John Irving's Queen Esther Analysis – An Underwhelming Follow-up to His Classic Work

If a few writers have an golden phase, in which they reach the pinnacle time after time, then U.S. writer John Irving’s lasted through a run of four long, gratifying books, from his late-seventies breakthrough The World According to Garp to 1989’s His Owen Meany Book. Those were rich, witty, warm works, tying protagonists he refers to as “misfits” to cultural themes from gender equality to termination.

After His Owen Meany Novel, it’s been diminishing results, save in size. His most recent work, 2022’s His Last Chairlift Novel, was nine hundred pages of subjects Irving had explored more skillfully in previous novels (selective mutism, dwarfism, gender identity), with a two-hundred-page film script in the center to extend it – as if extra material were required.

Thus we look at a latest Irving with caution but still a tiny glimmer of optimism, which burns brighter when we learn that Queen Esther – a mere 432 pages in length – “revisits the setting of His Cider House Rules”. That mid-eighties book is among Irving’s very best works, located primarily in an children's home in St Cloud’s, Maine, operated by Wilbur Larch and his protege Homer.

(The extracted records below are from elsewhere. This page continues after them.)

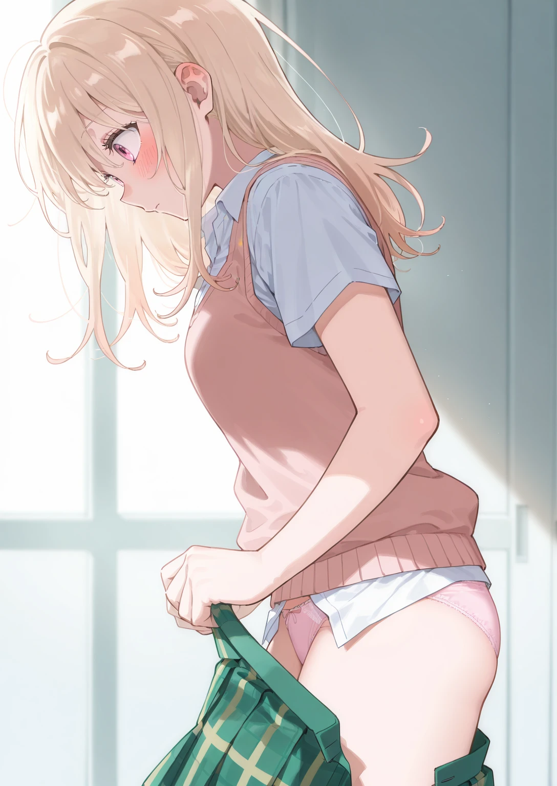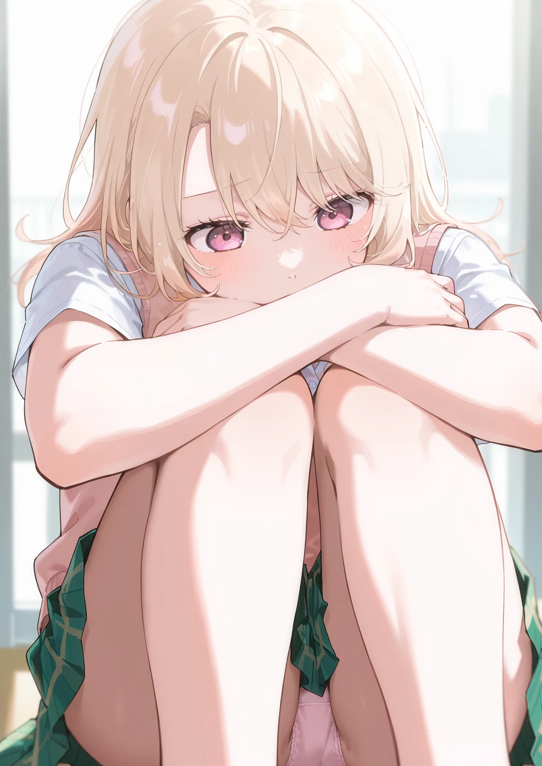 Apperance: ilkawaimona, long hair, blonde hair, pink eyes
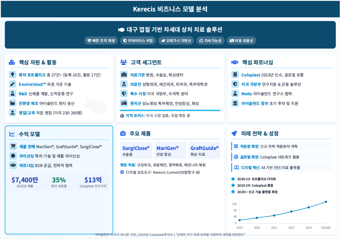 첨단 기술의 적용 범위 확대: 만성 창상 및 화상 치료 분야에서의 성공을 발판 삼아, 구강외과, 유방 재건(Kerecis® Pectus), 헤르니아 복원(Kerecis® Hernia), 그리고 신경외과 영역의 경막 복원(Kerecis Dura) 등 보다 복잡하고 고부가가치를 지닌 수술 및 재건 분야로 제품 포트폴리오를 확장하고 있습니다.
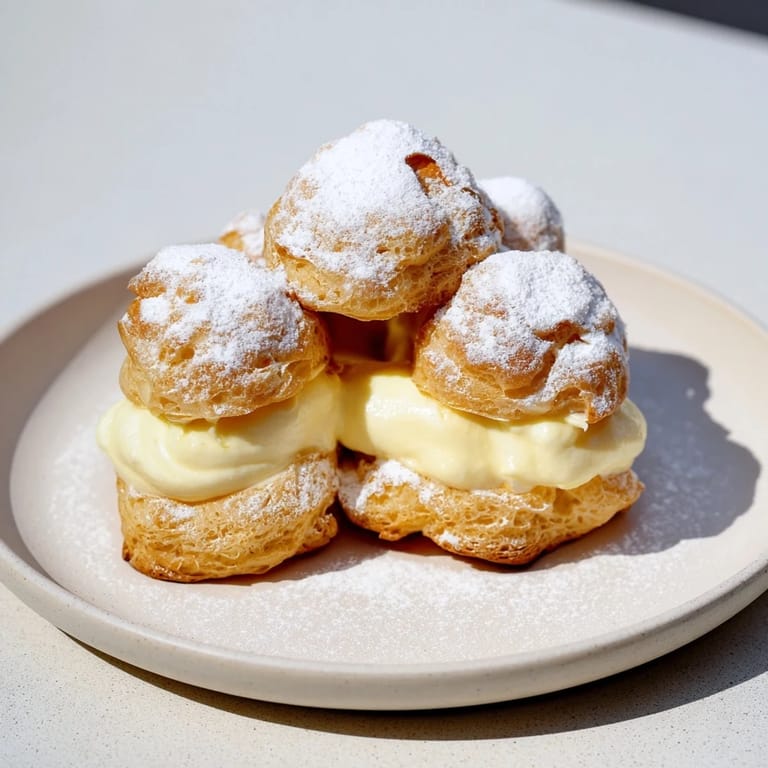 Puszyste ciasto parzone z aksamitnym kremem waniliowym i delikatnym cukrem pudrem.
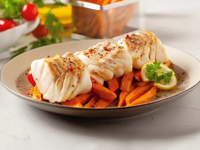 Для этого рецепта подойдут как стейки на кости, так и филе трески — первые будут жариться чуть дольше.
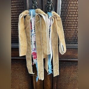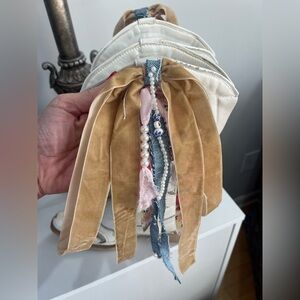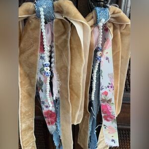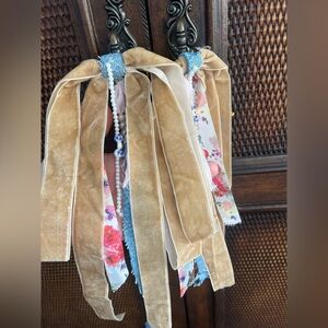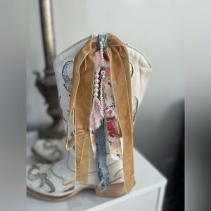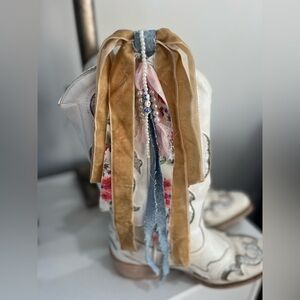 Pair of Stylish boot ribbons that include: velvet, floral, denim, and soft pink ribbons. Features pearls and porcelain beads. Ties to any cowboy boot to give a girlie accent. (Boots not included).
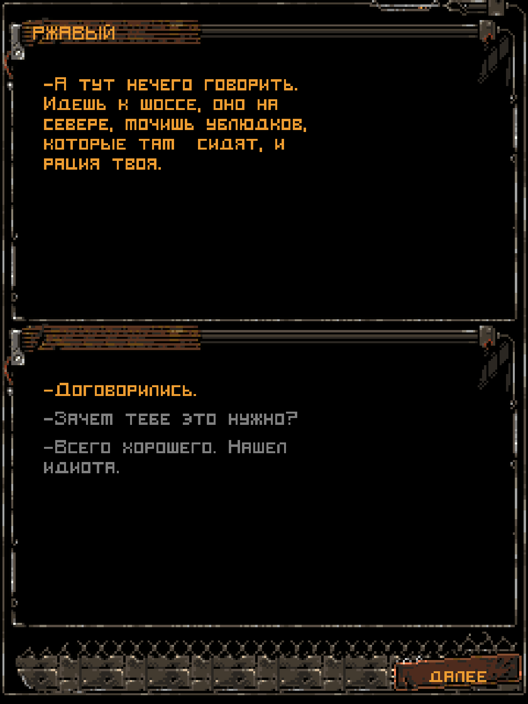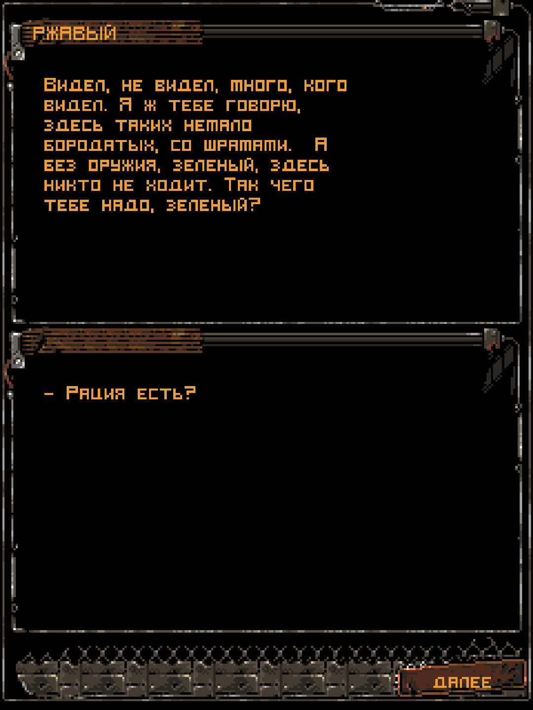 После первого квеста Ржавый заартачится. Можно его припугнуть, а можно затерпеть, но зато получить доступ к лорным подземельям Кордона. Кстати, у меня этот момент забаговался - можно сначала получить рацию, а потом все равно заглянуть в подземку

Queen Esther is a failure from a author who previously gave such pleasure

In Cider House, Irving explored abortion and belonging with richness, wit and an all-encompassing understanding. And it was a major work because it left behind the themes that were becoming tiresome habits in his novels: wrestling, bears, the city of Vienna, the oldest profession.

Queen Esther starts in the imaginary community of New Hampshire's Penacook in the beginning of the 1900s, where Thomas and Constance Winslow take in 14-year-old ward the title character from St Cloud’s. We are a several decades before the events of The Cider House Rules, yet Wilbur Larch stays recognisable: already addicted to the drug, respected by his caregivers, beginning every speech with “In this place...” But his role in the book is confined to these early parts.

The couple worry about bringing up Esther correctly: she’s from a Jewish background, and “in what way could they help a teenage girl of Jewish descent understand her place?” To tackle that, we jump ahead to Esther’s grown-up years in the 1920s. She will be involved of the Jewish emigration to Palestine, where she will become part of the Haganah, the Jewish nationalist armed group whose “goal was to safeguard Jewish settlements from opposition” and which would subsequently form the foundation of the Israeli Defense Forces.

Such are enormous topics to tackle, but having introduced them, Irving dodges out. Because if it’s frustrating that this book is not actually about St Cloud's and the doctor, it’s even more disappointing that it’s likewise not focused on the main character. For reasons that must connect to narrative construction, Esther ends up as a surrogate mother for one more of the family's children, and bears to a son, Jimmy, in 1941 – and the lion's share of this book is his tale.

And here is where Irving’s fixations come roaring back, both typical and distinct. Jimmy moves to – of course – Vienna; there’s discussion of evading the Vietnam draft through self-harm (His Earlier Book); a canine with a significant name (the animal, remember the canine from His Hotel Novel); as well as wrestling, streetwalkers, writers and penises (Irving’s throughout).

He is a less interesting figure than Esther suggested to be, and the supporting figures, such as young people Claude and Jolanda, and Jimmy’s instructor the tutor, are flat as well. There are some amusing set pieces – Jimmy his first sexual experience; a brawl where a couple of bullies get beaten with a crutch and a air pump – but they’re brief.

Irving has never been a subtle author, but that is isn't the issue. He has consistently repeated his ideas, telegraphed narrative turns and let them to gather in the viewer's thoughts before bringing them to fruition in lengthy, shocking, amusing moments. For example, in Irving’s books, physical elements tend to be lost: recall the speech organ in Garp, the digit in His Owen Book. Those losses reverberate through the narrative. In Queen Esther, a major person is deprived of an upper extremity – but we just discover thirty pages before the conclusion.

The protagonist returns late in the book, but just with a final feeling of concluding. We not once do find out the entire narrative of her experiences in the Middle East. This novel is a disappointment from a author who in the past gave such delight. That’s the downside. The upside is that Cider House – upon rereading in parallel to this book – still remains wonderfully, 40 years on. So pick up that instead: it’s double the length as Queen Esther, but far as great.